YMA O HYD
Sam Southall
"Tonight was one of the all-time great nights for Welsh football."
It feels like we've been saying that almost every international break since that summer in France. And rightfully so. We've had so many great nights together.
Thursday night was undeniably one of them. Was it the greatest? Only time will tell, but it's certainly up there. The buzz leading up to the game was incredible, and the high after leaving the stadium hasn't yet worn off for me and no doubt countless others.
The dialogues and discussions coming out of the game have been innumerable, everybody has an opinion on Welsh football and we've all gotten in on the conversation with each other. Megan Feringa wrote the definitive piece on Bale's escapades, while Barney Ronay bottled his essence for The Guardian’s readers. Chris Wood captured the off-field choruses of the crowd for the BBC in an article that couldn't have been written about any other nation. Meanwhile, Elis James has covered just about everything else and preached it to everyone and anyone who would listen.
There's been articles and podcasts and poems, all dedicated to this one moment in Welsh football history. This one moment in Welsh history.
If you feel like you're living through a significant historical time in Wales right now, you're not the only one. There's something in the air.
There's so many moments from Thursday which feel symptomatic of this. From another rousing rendition of the anthem to Bale's two world class goals and the following celebrations. However, there's something especially special about the 5 minutes preceding Zombie Nation and the anthems. You already know what I'm talking about.
Dafydd Iwan has been a part of Cymry Cymraeg life for some six decades now. He's been singing Yma O Hyd for 40 years. But, as Elis James and others have said, he's spent a fair chunk of that time preaching to the converted - Eisteddfodau, S4C, y Fro Gymraeg, ac yn y blaen, ac yn y blaen. Thursday was different. Dafydd Iwan has gone mainstream. 32 thousand people sang Yma O Hyd that night. I'm convinced even the Austrians were singing along by the end.
Iwan came of age when it seemed Cymraeg would die out and with it so much of the culture central to our nation. But when Iwan, with his fist raised and a tear streaming down his face, sang "Byddwn yma hyd ddiwedd amser a bydd yr iaith..." I think he knew that wasn't the case anymore. For Dafydd Iwan didn't finish that line, the Red Wall did.
Over 30 thousand strong sang in Cymraeg about the continuation of our language and culture in a way that no other group of people has before. Video from the performance has been watched over a million times across YouTube and Twitter alone since Thursday. No doubt hundreds of thousands more saw parts of the song on Sgorio or Sky. Iwan's never had an audience so big.
That performance of Yma O Hyd will go down in history, not just as a sign of changing attitudes, but as proof of the depth, breadth and vitality of modern Welsh culture. A culture for which this nation owes a profound debt of gratitude to the Football Association of Wales and the Red Wall.
At a time when sport, and football especially, has become so integral to cultural and political life and so wrapped up in the depths of sports-washing and endgame capitalism, the FAW did something different.
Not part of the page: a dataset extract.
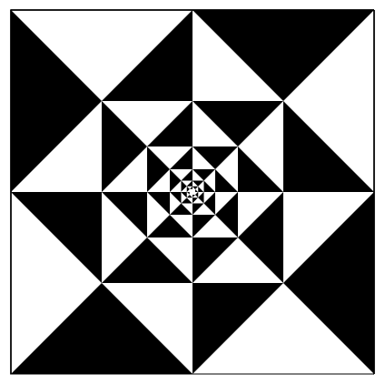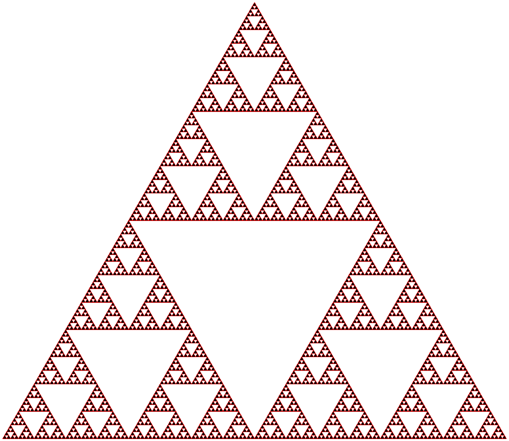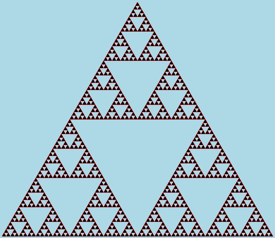 touchesto test whether it is a valid space or a wall.SierpinskiTriangle: The Notes to the Chase Other Sprites! lesson include an exercise that introduced students to a means to to construct a Sierpinski Triangle that combined a mix of iteration and randomization. In this activity, construct a Serpinski Triangle deterministically (i.e., without randomness) using recursion. Start with an equilateral triangle of a given color. Divide this triangle into four smaller equilateral triangles, each with a side length half that of the original. For all but the "center" triangle, recursively repeat this process, until you reach an arbitrary base case (such as when triangle side length is less than 10). Myriad variations on the basic task are possible—both with respect to the style/design of the triangle and of the algorithm used. Three examples are provided below:

Whether it meant to or not, the Together Stronger slogan tapped into Welsh culture in an incredibly profound way. It's a play on the Gorau Chwarae Cyd Chwarae motto which was emblazoned on the crest for so long, but it also recalls a deep connection to the long history of socialist politics of our nation. The politics of which are clear as day in Yma O Hyd - a song about still being together despite everybody and everything else, despite old Maggie and her crew.
When we qualify for the World Cup, whether that’s this year or another 50 years into the future, we'll know that we only accomplished it because we did it together. Players, coaches, fans, musicians, artists, authors, podcasters, famous and working class, all linked to a thriving Welsh culture.
For so long Yma O Hyd was a rallying song striving for a future, any future, for Cymraeg. Now, it marks a defining feature of our football team and of our nation itself - er gwatha' pawb a phopeth, ry'n ni yma o hyd.